▶ _ASSIGNMENT_: Each line below from the one containing "Autumn Harvest Art" through the one containing "日替わりで表情を変える! 合計4本のベルトがセット!! ラバーベルト/ナイロンベルト/革ベルト/ステンレスベルト" is to be given again exactly, and no line outside that span.

---------- INPUT RECORDS

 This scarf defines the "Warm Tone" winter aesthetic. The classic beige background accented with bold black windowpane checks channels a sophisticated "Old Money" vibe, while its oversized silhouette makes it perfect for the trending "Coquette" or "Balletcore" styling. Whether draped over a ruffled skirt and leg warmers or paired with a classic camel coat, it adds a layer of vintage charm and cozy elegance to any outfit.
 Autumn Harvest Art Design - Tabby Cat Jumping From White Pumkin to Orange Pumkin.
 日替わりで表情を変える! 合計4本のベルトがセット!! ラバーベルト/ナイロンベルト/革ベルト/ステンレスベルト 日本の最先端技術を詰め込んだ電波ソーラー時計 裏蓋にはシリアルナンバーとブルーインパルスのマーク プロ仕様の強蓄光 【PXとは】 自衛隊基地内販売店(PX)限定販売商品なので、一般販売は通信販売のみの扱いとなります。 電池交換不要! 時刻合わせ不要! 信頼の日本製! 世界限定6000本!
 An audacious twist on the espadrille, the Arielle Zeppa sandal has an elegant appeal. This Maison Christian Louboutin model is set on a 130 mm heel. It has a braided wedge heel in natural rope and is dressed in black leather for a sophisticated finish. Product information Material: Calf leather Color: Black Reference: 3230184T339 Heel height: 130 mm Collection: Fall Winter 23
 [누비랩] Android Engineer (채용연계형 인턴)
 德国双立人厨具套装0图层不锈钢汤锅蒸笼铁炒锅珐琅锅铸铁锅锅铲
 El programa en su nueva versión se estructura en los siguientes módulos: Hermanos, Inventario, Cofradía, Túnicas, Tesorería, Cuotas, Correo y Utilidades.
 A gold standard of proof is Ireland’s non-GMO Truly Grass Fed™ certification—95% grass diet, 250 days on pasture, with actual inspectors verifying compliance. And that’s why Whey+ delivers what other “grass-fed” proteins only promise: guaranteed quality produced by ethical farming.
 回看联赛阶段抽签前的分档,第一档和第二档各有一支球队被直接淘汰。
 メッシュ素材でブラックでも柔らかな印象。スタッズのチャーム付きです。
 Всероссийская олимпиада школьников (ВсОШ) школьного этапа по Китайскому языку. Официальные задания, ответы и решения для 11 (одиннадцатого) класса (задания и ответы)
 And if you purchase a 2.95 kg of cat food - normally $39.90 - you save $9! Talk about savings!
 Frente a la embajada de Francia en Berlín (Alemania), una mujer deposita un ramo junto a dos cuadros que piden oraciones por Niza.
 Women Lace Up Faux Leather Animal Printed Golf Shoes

--------------------

▶ _COMPLETED TASK_:
 Autumn Harvest Art Design - Tabby Cat Jumping From White Pumkin to Orange Pumkin.
 日替わりで表情を変える! 合計4本のベルトがセット!! ラバーベルト/ナイロンベルト/革ベルト/ステンレスベルト 日本の最先端技術を詰め込んだ電波ソーラー時計 裏蓋にはシリアルナンバーとブルーインパルスのマーク プロ仕様の強蓄光 【PXとは】 自衛隊基地内販売店(PX)限定販売商品なので、一般販売は通信販売のみの扱いとなります。 電池交換不要! 時刻合わせ不要! 信頼の日本製! 世界限定6000本!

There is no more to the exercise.